= Temporal interference brain stimulation =

Non-invasive form of deep brain stimulation

Temporal interference brain stimulation (TI) is a non-invasive form of deep brain stimulation (DBS). External electrodes apply high-frequency alternating currents of slightly different frequencies to the brain, and the superposition of the two waves produces a low-frequency envelope. As neurones are responsive to low-frequency electrical signals but not high-frequency signals. TI can use this envelope to focally stimulate deep brain tissues without impacting the overlying and surrounding ones. Since the stimulation strength depends not only on the absolute amplitude but also on the relative amplitude and orientation of the applied fields, this enables precise three-dimensional targeting of deep brain regions.

== Technical details ==

TIS modelled on a bust of the human head – an electric current oscillating at 2010Hz is delivered to the right side of the head and another oscillating at 2000Hz is delivered to the left side. The stimulation target is the right visual cortex, where there is maximal temporal interference between both oscillations; the interfering waveform is visualised on the monitor.

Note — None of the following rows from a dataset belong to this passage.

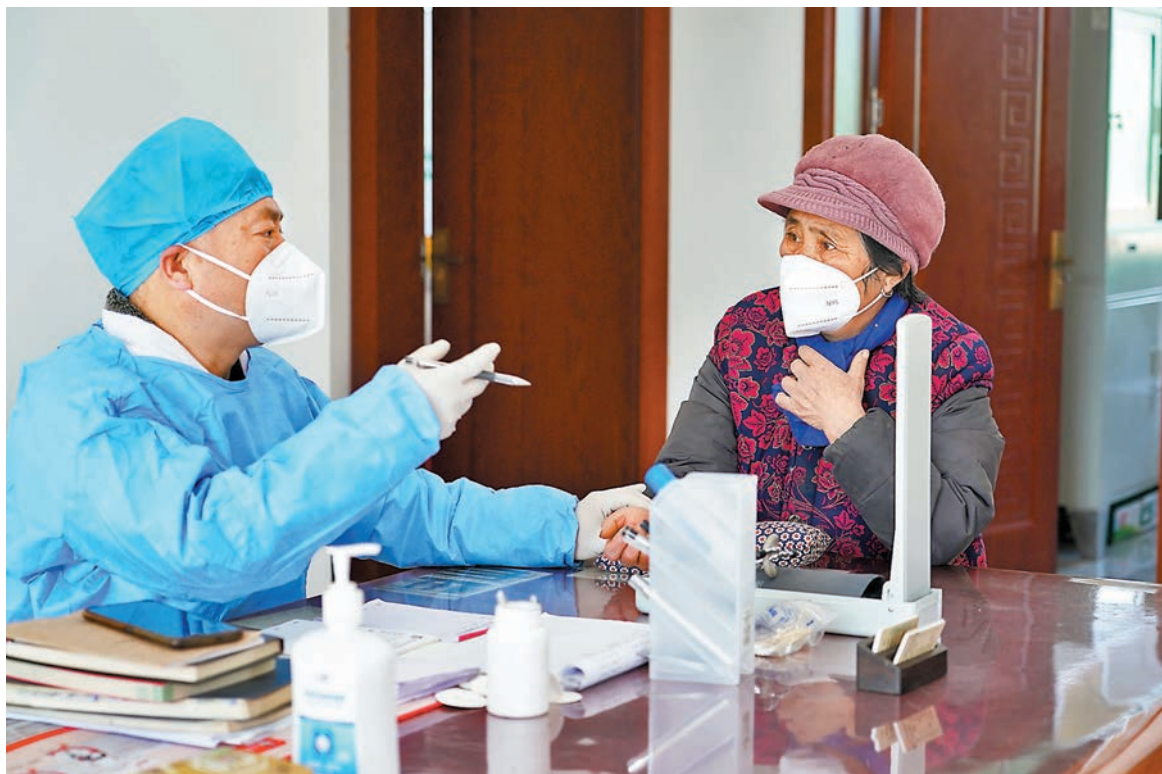
◆2022年12月22日，在陝西西安周至縣馬召鎮富饒村東富饒衛生室內，村醫在為發熱患者診療。 資料圖片

另外，還強調統籌推進農業穩產保供，包括抓實冬季蔬菜穩產保供、指導地方做好畜牧生產、保障冬春農業生產、打通堵點保障農資供應。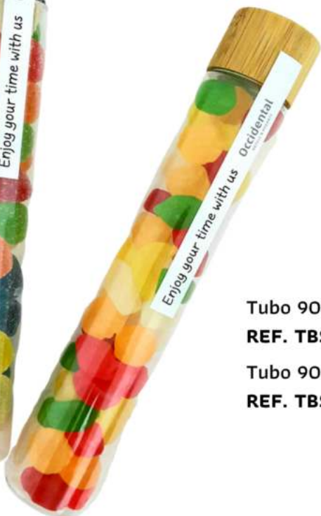
Tubo 90 ml bambú gominolas REF. TBC90B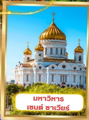
มหาวิหาร เซนต์ ซาเวียร์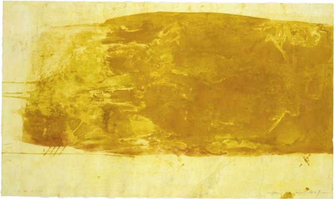
Wolke. 1998/1999, Radierung, 113 x 148 cm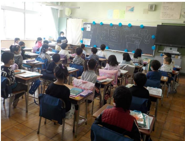
【朝の健康観察・1組】

※絵の具セットを購入希望の方は、本日配布しました申し込み袋に必要金額を入れてお持ちください。保護者会終了後、担任にお渡しください。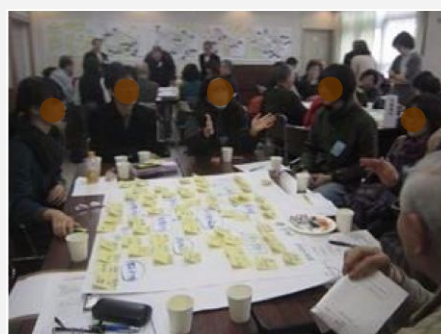
【ワークショップの様子】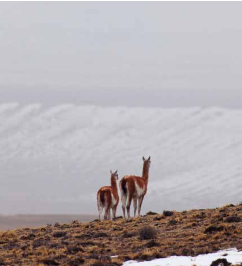
Vicúñas en los Andes.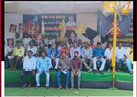
కాకినాడలో ఆందోళన వ్యక్తం చేస్తున్న కార్యకర్తలు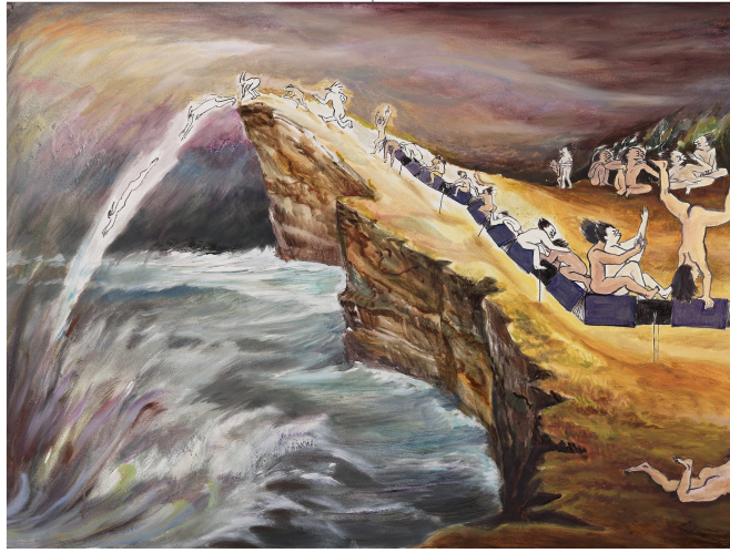
<호곡도> 종이에 유채 57x1,140cm(부분) 2026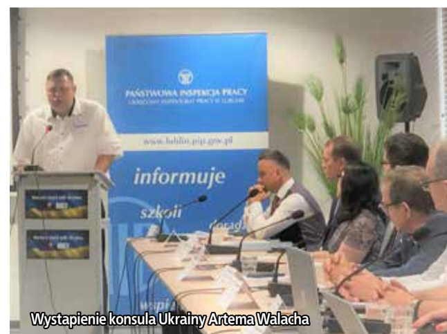
Wystąpienie konsula Ukrainy Artema Walacha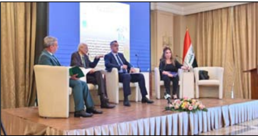
بدوره، قال وزير الثقافة الدكتور حسن ناظم: إن الوزارة تؤسس لعهد جديد يختلف تماماً عن ما كانت عليه سابقاً، فهي لم تعد وزارة مهرجانات وانشطة فقط كما كانت عليه الأحوال بعد

انطلقت في بغداد امس الأربعاء فعاليات مؤتمر العلوم الاجتماعية والإنسانية /دورة العلامة الراحل علي الوردي بحضور رئيس مجلس الوزراء مصطفى الكاظمي، ووزير الثقافة الدكتور حسن ناظم، وبمشاركة نخبة من الباحثين والأكاديميين، ويستمر المؤتمر لمدة يومين.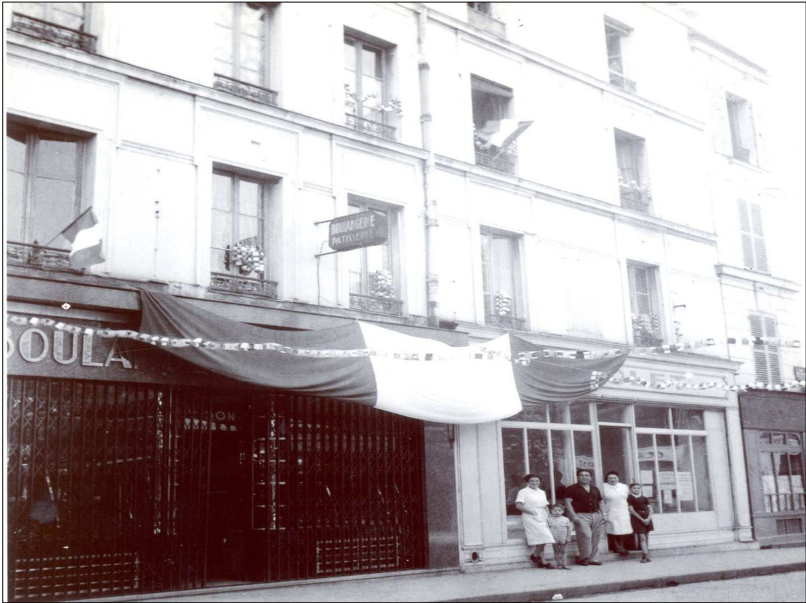
Le drapeau tricolore sur la façade de la crémierie Solet, 44 rue Escudier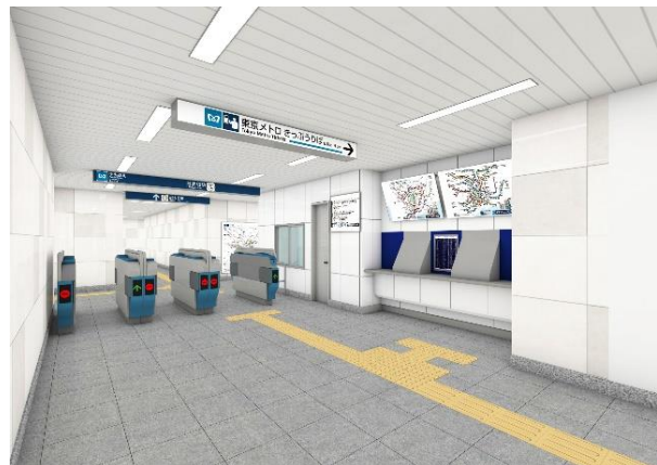
新設した中央改札（イメージ）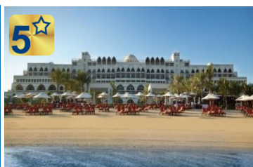
جمیرا زعبیل سرای

لوکس ترین هتل ۵ ستاره مجلل به سبک قصر عثمانی ترانسفر لوکس اختصاصی AUDI A6 رایگان شاتل سرویس رایگان به مرکز خرید و پارک آبی استفاده رایگان نامحدود از پارک آبی وایلد وادی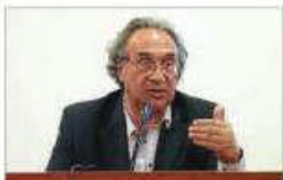
Huguera, Hila y el conseller d'Educació, muchas y buenas palabras, pero nada más.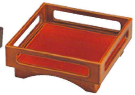
③ M-39-30 A 5.5寸日野盛器 漆調春慶塗 ¥3,200 (16.8×16.8×6.5) 幅60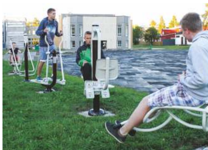
Kuus treenimismasinat saavad nüüd vatti.

Ühes palliplatsi inventari kōpitsemisega ilmusid samasse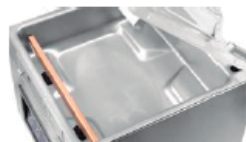
Cantos redondos para una fácil limpieza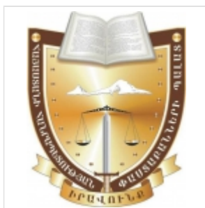
07.07.2016 ԱՐԱՐԱՏԻ, ԱՐՄԱՎԻՐԻ, ԿՈՏԱՅՔԻ ԵՎ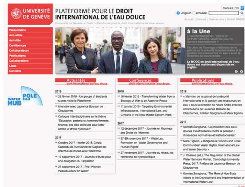
Site web de la Plateforme pour le droit international de l'eau douce, disponible en anglais et en français

Les Universités et Centres de recherche qui comptent une expertise juridique dans la gestion et la protection des ressources en eau sont très peu nombreux dans le monde. En Europe continentale, aucun centre de recherche et d'enseignement n'existe en ce domaine. Le droit offre pourtant une vaste palette d'instruments et normes pour régir au mieux la protection et la gestion de l'eau tant au niveau national que transfrontière. Qui plus est, le droit permet l'établissement de mécanismes pour prévenir et régler les conflits relatifs à la gestion des ressources en eau. Prenant en compte ces défis, des membres du Département de droit international public et organisation internationale (INPUB) de la Faculté de droit de l'Université de Genève ont créé la Plateforme pour le droit international de l'eau douce en décembre 2009, qui est progressivement devenue un centre d'expertise reconnu sur le plan mondial.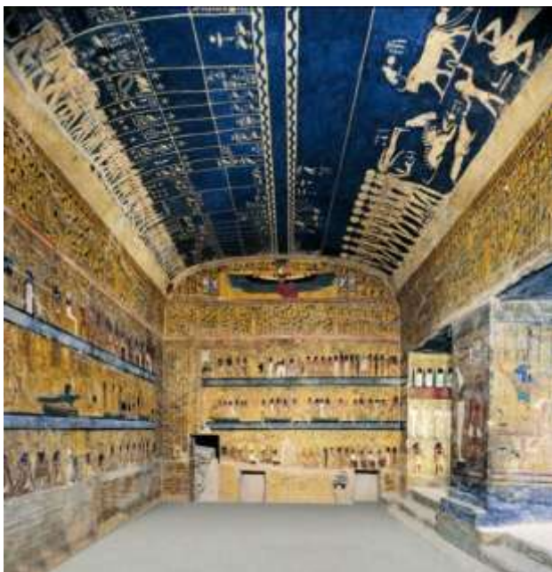
I. Széti fáraó sírkamrája a Királyok Völgyében

és megtaláltuk a király tiszteletreméltó múmiáját, a sólyom alakjával díszítve. Nagy mennyiségű amulett és arany ékszer volt a nyaka körül, és egy arany diadém volt fölötte. Ennek a királynak a tiszteletre méltó múmiája arannyal volt borítva, és szarkofágjait belül és kívül arany és ezüst díszítette és mindenféle értékes kövek berakásai. Mi összeszedtünk mindent, amit találtunk rajtuk, ami aranyból, ezüsből és bronzból volt, és elosztottuk magunk között. Az aranyat, amit ezen a két istenen találtunk, és az ő múmiájukról való amuletteket, ékszereket és a szarkofágok darabjait 8 részre osztottuk. Mindegyikünk 20 debent kapott, összesen 160 deben aranyat, nem számítva a rejtett hely töredékeit. Azután átkeltünk a folyón, és visszatértünk Thébába. Néhány nap múlva, Théba főkerületének főfelügyelője meghallotta, hogy betöréseket követtünk el a Nyugati Thébában. Bebörtönöztek engem Théba polgármesterének hivatalában. Ezután én fogtam a 20 debent, amit a zsákmány részeként kaptam, és odaadtam Ha-em-opének, a Théba kikötője melletti fogda írnokának. Ő elengedett engem, és én csatlakoztam társaimhoz, és ők kielégítettek engem egy újabb résszel. Így hát együtt a többi tolvajjal, akik velem voltak, folytattuk mostanáig az urak Thébától nyugatra fekvő sírjainak kirablását. És ennek a vidéknek sok lakosa folytat tolvaj mesterséget, úgy, mint mi, és ők a mi jó cimboráink.”

TI stimulation is delivered by using two current sources, which both operate at high frequency with a defined difference in frequency between them. This frequency difference creates an envelope which modulates the target region. Frequencies of operation are typically in the kHz range. The currents are delivered to the scalp using carbon-rubber or silver-silver chloride electrodes. Due to the high frequency and low amplitude of the currents (1–2 mA), there is typically little sensation on the skin compared to other methods, like tACS as the strongest sensations for stimulation frequencies lie in the low frequency range (<4Hz). Traditional transcranial electrical stimulation methods are also limited to targeting of cortical regions only – TI stimulation does not have this limitation and can target deep brain regions as well as cortical regions.

The stimulation strength depends not only on the absolute amplitude but also on the relative amplitude and orientation of the applied fields, which enables precise three-dimensional targeting of deep brain regions.

== Potential applications ==
DBS via implanted electrodes is already used worldwide to treat patients with severe neurological and psychiatric disorders such as Parkinson's disease and Obsessive–compulsive disorder (OCD), and has been investigated as a treatment option for Alzheimer's disease and depression, but its invasiveness makes widespread clinical use and deployment in research impractical. TI has been posited as an alternative treatment to invasive implants for epilepsy patients who are ineligible for resective surgery, or for whom such surgery was unsuccessful.

== Safety ==
Compared to other non-invasive stimulation methods, experiments suggest that adverse effects are generally rare, with just a few incidences of mild common stimulation side effects such as tingling or fatigue. Below certain frequency thresholds, exposure conditions appear to be equivalent to those known to be safe in other stimulation methods.

== History ==
In 2017, Grossman et al. proposed temporal interference stimulation as a non-invasive method for deep brain stimulation, validating TI as a stimulation method in rodents. The concept of TI stimulation was later independently validated by other labs in in-vitro studies, in-vivo rodent and non-human primate studies, and in humans. In 2018, temporal interference brain stimulation received the Science and PINS Prize for Neuromodulation. TI has also garnered coverage in international press as a potential treatment for several brain disorders.

== Limitations ==
TI has a high propensity for shallow brain stimulation as a side effect, and isolated neurons do not respond individually to TI stimulation, but instead respond as part of a network.